Introduction: As the number of patients sustaining hip fractures increases, interventions aimed at improving patient comfort and reducing complication burden acquire increased importance. Frailty, cognitive impairment, and difficulty in assessing pain control characterize this population. In order to inform future care, a review of pain assessment and the use of preoperative intravenous paracetamol (IVP) is presented.

Materials and Methods: Systematic review of preoperative IVP administration in patients presenting with a hip fracture.

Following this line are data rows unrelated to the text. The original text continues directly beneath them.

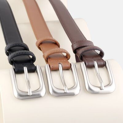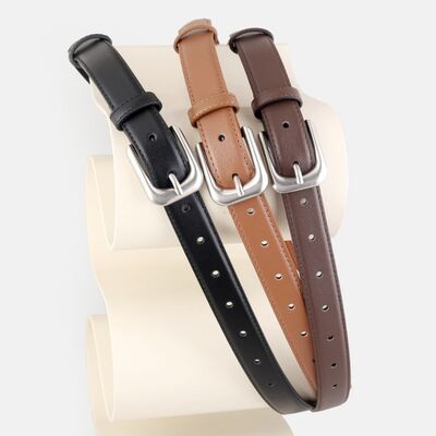 Classic Buckle Skinny Leather Belt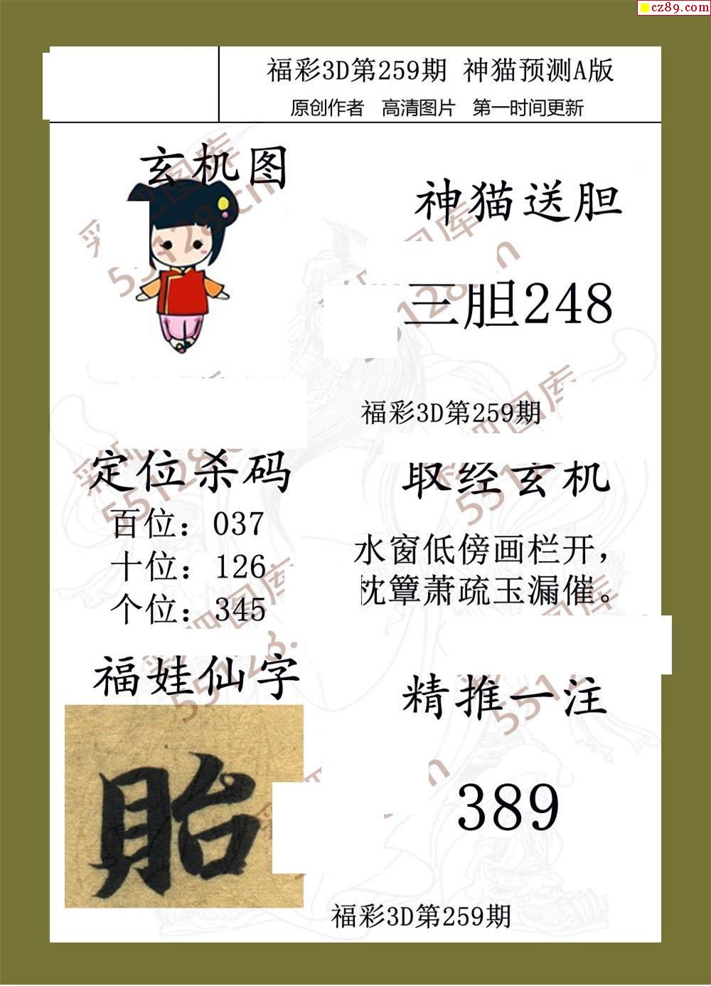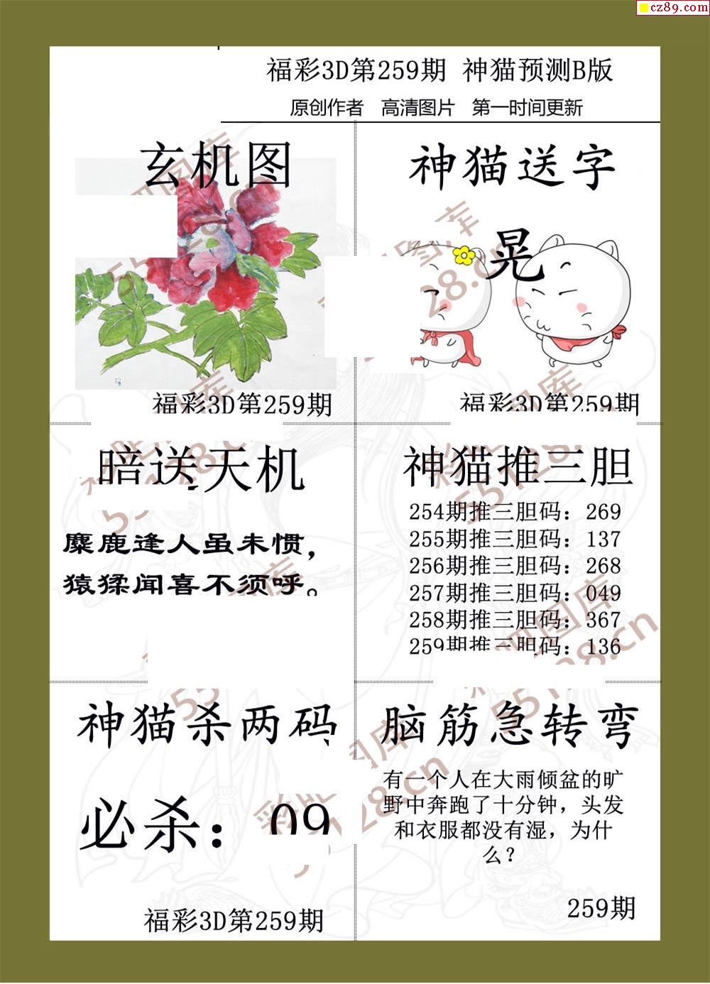 神猫预测25年259期3d字图谜-【3D开机号】今天_3d开机号和试机号-3D开机号查询_福彩3d开机号近10期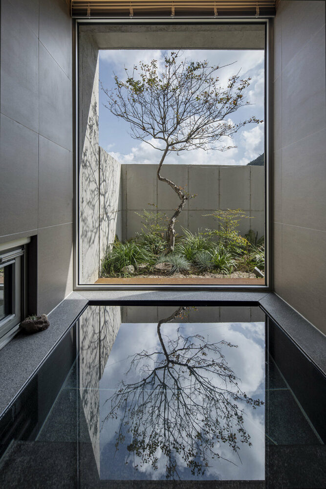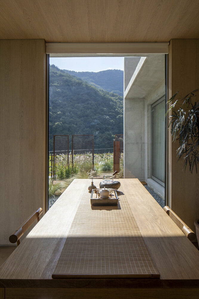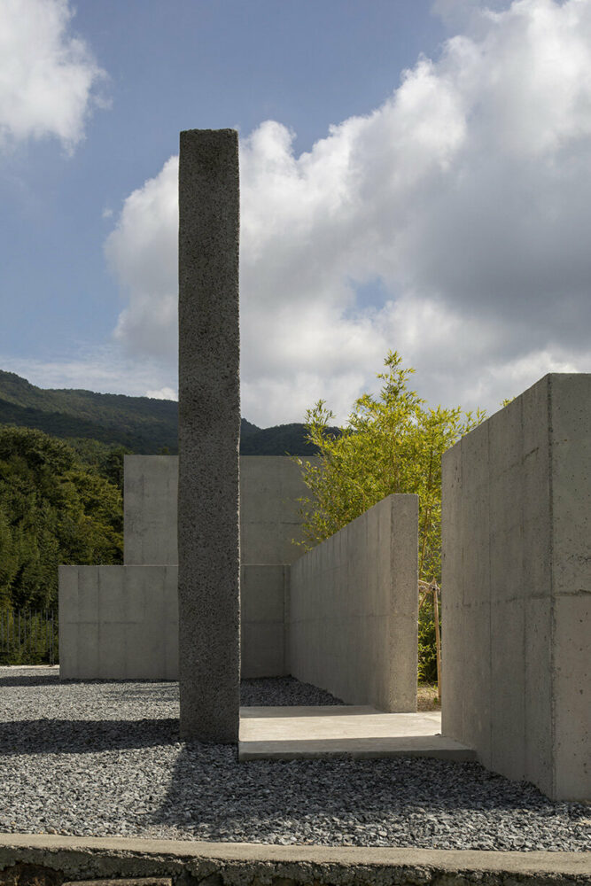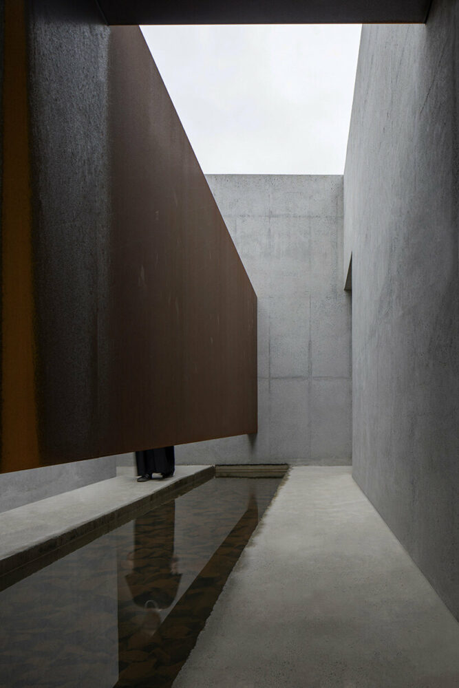 the project sits like a ring placed over the terrain, with its funnel-like roof forming a shaded perimeter walkway and an introverted core.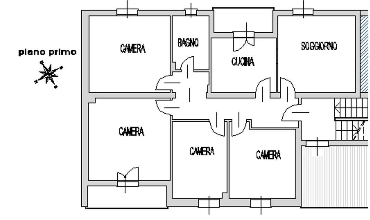 Composto da: ingresso-disimpegno, soggiorno, cucina-pranzo, camera matrimoniale, due camere doppie e una singola, bagno oltre a magazzino e box auto.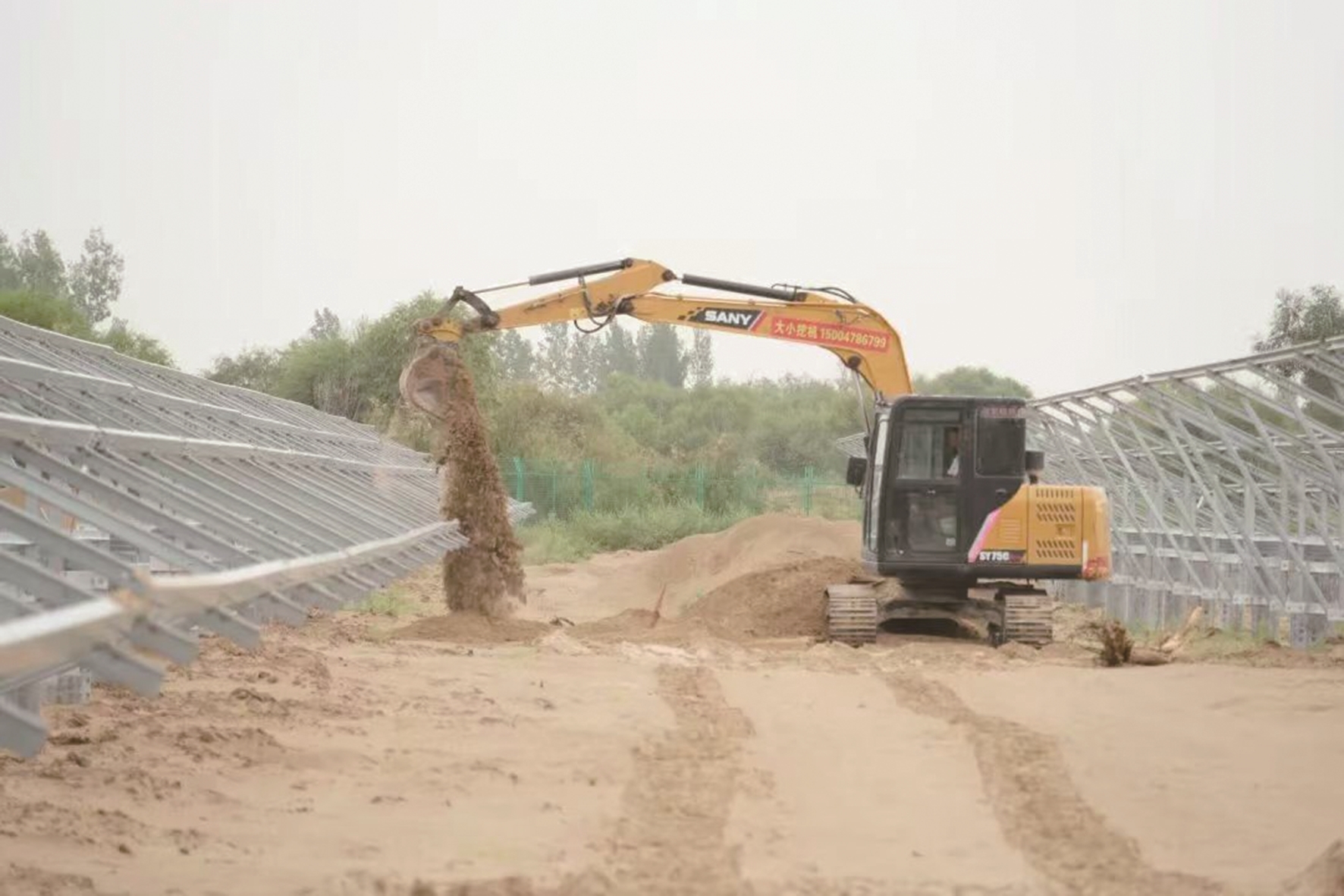 在项目施工现场,整齐的光伏支架间工人们正有序安装光伏板。施工负责人杨建伟介绍,项目自4月25日开工以来进展顺利,目前已全面完成土地平整、围栏及20公里电网线路立杆工程,电气设备与养殖设施正陆续到位。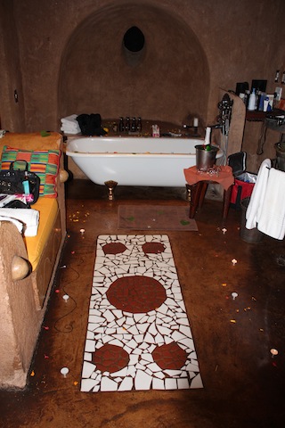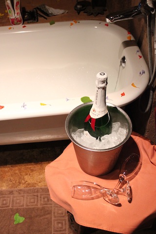 On Saturday night candles had been lit, flowers were placed around the bath and in a pattern on the bed and champagne was chilling on ice. My mom and I were so impressed and mom indulged in the hot bubbly water.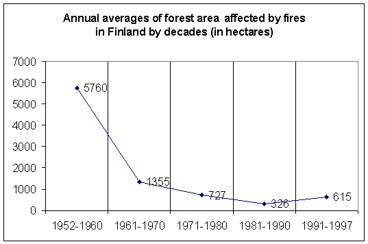 Property and the environment are mainly at risk from forest fires in Finland. All in all, forest fire damage in Finland has been very low indeed, i.e. less than 10 million Finnish Marks per year. There is no significant damage to ecology or public health.

Results: Intravenous paracetamol is effective in the early management of pain control in the hip fracture population. There is a considerable decrease in use of breakthrough pain medications when compared with other pain relief modalities. Additionally, IVP reduces the incidence of opioid-induced complications, reduces length of stay, and lowers mean pain scores. Another significant finding of this study is the poor administration of all analgesics to patients with hip fracture with up to 72% receiving no prehospital analgesia.

Discussion: The potential benefits of IVP as routine in the early management of hip fracture-related pain are clear. Studies of direct comparison between analgesia regimes to inform optimum bundles of analgesic care are sparse. This study highlights the need for properly constructed pathway-driven comparator studies of contemporary analgesia regimes, with IVP as a central feature to optimize pain control and minimize analgesia-related morbidity in this vulnerable population.